Nei suoi due discorsi al congresso fondativo del Popolo della libertà, Silvio Berlusconi ha parlato complessivamente per 2 ore e 40 minuti. Ma la frase di gran lunga più impegnativa è durata appena un paio di secondi: “Non lasceremo indietro nessuno”. È la sfida più importante che egli deve affrontare da quando 15 anni fa ha deciso di fare politica.
Il presidente del Consiglio si vanta di non avere mai licenziato nessuno nella sua attività di imprenditore: è l’uomo del fare, del crescere, e caratterialmente è un generoso, come riconoscono anche quanti non lo amano. Alla fine dell’anno scorso soffriva visibilmente per non poter mettere le mani nella cassa su cui si era seduto Giulio Tremonti: avrebbe voluto distribuire un po’ di soldi in più, magari nelle tredicesime, ma oggi bisogna ammettere che la prudenza del nostro Tesoro è stata finora la scelta migliore, riconosciuta anche nell’ultimo rapporto dell’Ocse.
Non lasciare indietro nessuno, dunque: che vuol dire in concreto? Un esempio di solidarietà lo ha dato la Chiesa che salverà il bilancio di 20-30 mila famiglie numerose o con ammalati a carico garantendo un prestito mensile di 500 euro per 12 o 24 mesi, con restituzione dilazionata a cinque anni a tassi contenuti. È ragionevole pensare che Berlusconi (con strumenti tecnici diversi) punti a qualcosa di analogo perché nessuna persona che perde il lavoro debba trovarsi completamente scoperta.
La valutazione Ocse del 9 marzo quotava la disoccupazione italiana al 6,7 per cento, contro l’8,4 per cento europeo. Venti giorni dopo (31 marzo) è salita al 9,2 per cento per quest’anno e al 10,7 per l’anno prossimo. Il dato è di un punto migliore dell’area euro ed è sostanzialmente equivalente a quello degli Stati Uniti. I numeri degli economisti vanno presi con le molle. È antica tradizione che, salvo luminose e rare eccezioni, non abbiano mai azzeccato le previsioni più importanti, a cominciare dalla gigantesca crisi in atto. Previsioni contraddittorie e in rapido mutamento servono a poco. Meglio guardare alla realtà e tenere i soldi pronti per intervenire.
A questo proposito, è possibile che stavolta Berlusconi convinca il suo ministro dell’Economia a sfondare i tetti dell’indebitamento per non lasciare tanta gente senza reddito. L’idea di portare la cassa integrazione fino alla copertura integrale del reddito, l’ipotesi di garantire un triennio di esenzione fiscale alle nuove imprese, un adeguato fondo di garanzia per attenuare i rischi delle banche nell’ampliamento dei prestiti vanno in questa direzione, insieme ovviamente a interventi solidi per i lavoratori a tempo determinato che perderanno il posto senza paracadute.
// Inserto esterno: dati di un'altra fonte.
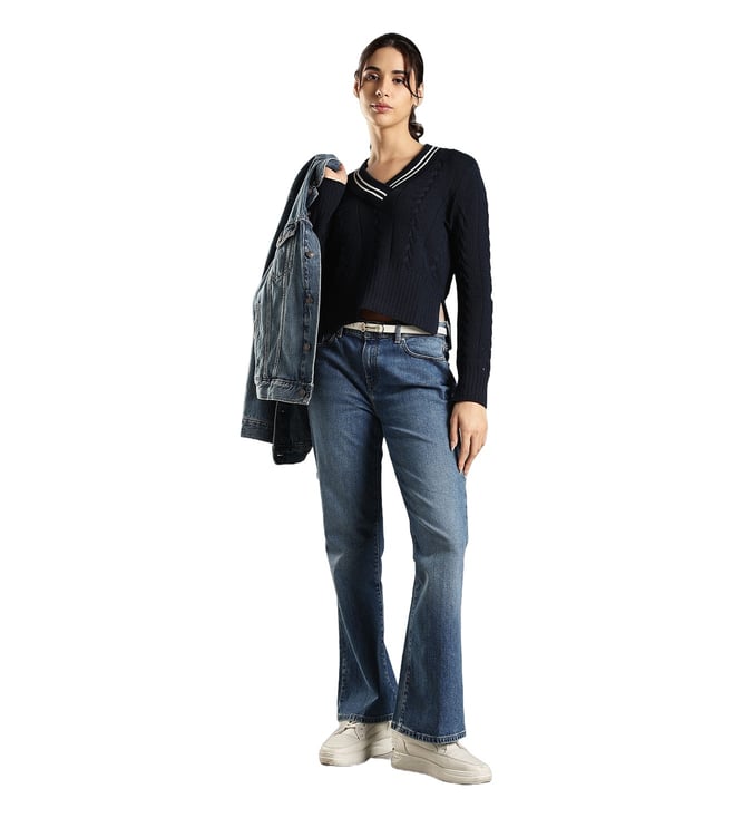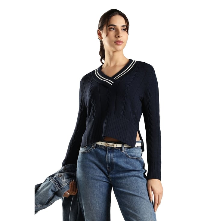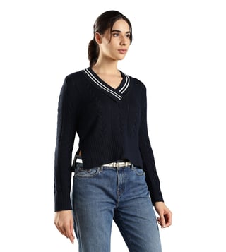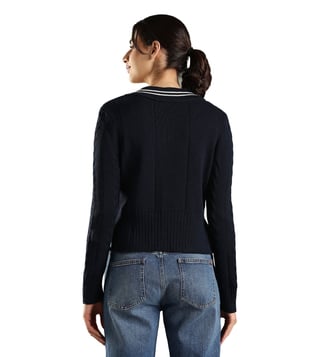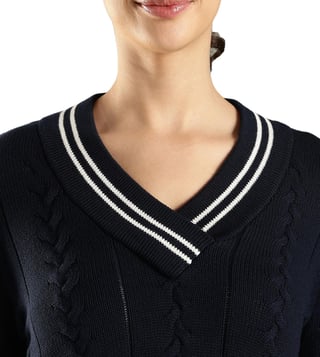 TOMMY HILFIGER Navy Cotton Regular Fit Textured Sweater

Il “non lasceremo nessuno indietro” è una promessa che non può essere elusa e che richiede interventi adeguati, costi quel che costi. La situazione patrimoniale italiana (la pubblica e la privata messe insieme) è tale da rendere improbabile una fuga internazionale dai nostri titoli di Stato.
Naturalmente la barca va se si rema tutti insieme. Lo sciopero proclamato dalla Cgil per il 4 aprile rischia di allontanare ancor di più il principale sindacato italiano da un riformismo adeguato ai tempi.
Ma sono anche le imprese a dover fare l’esame di coscienza. La Federprogetti, che riunisce le grandi società di ingegneria aderenti alla Confindustria, ha calcolato che su tre sole grandi opere (alta velocità Milano-Genova e Milano-Treviglio e il ponte sullo Stretto) sono immediatamente spendibili 3,7 miliardi equivalenti a 100 mila posti di lavoro, fra diretti e indotto. Per sbloccarli è necessario azzerare il contenzioso che da molti anni oppone allo Stato imprese edili che spesso hanno sistemato i bilanci senza muovere un mattone.
È l’ora di chiedere, ma anche l’ora di dare. Da parte di tutti.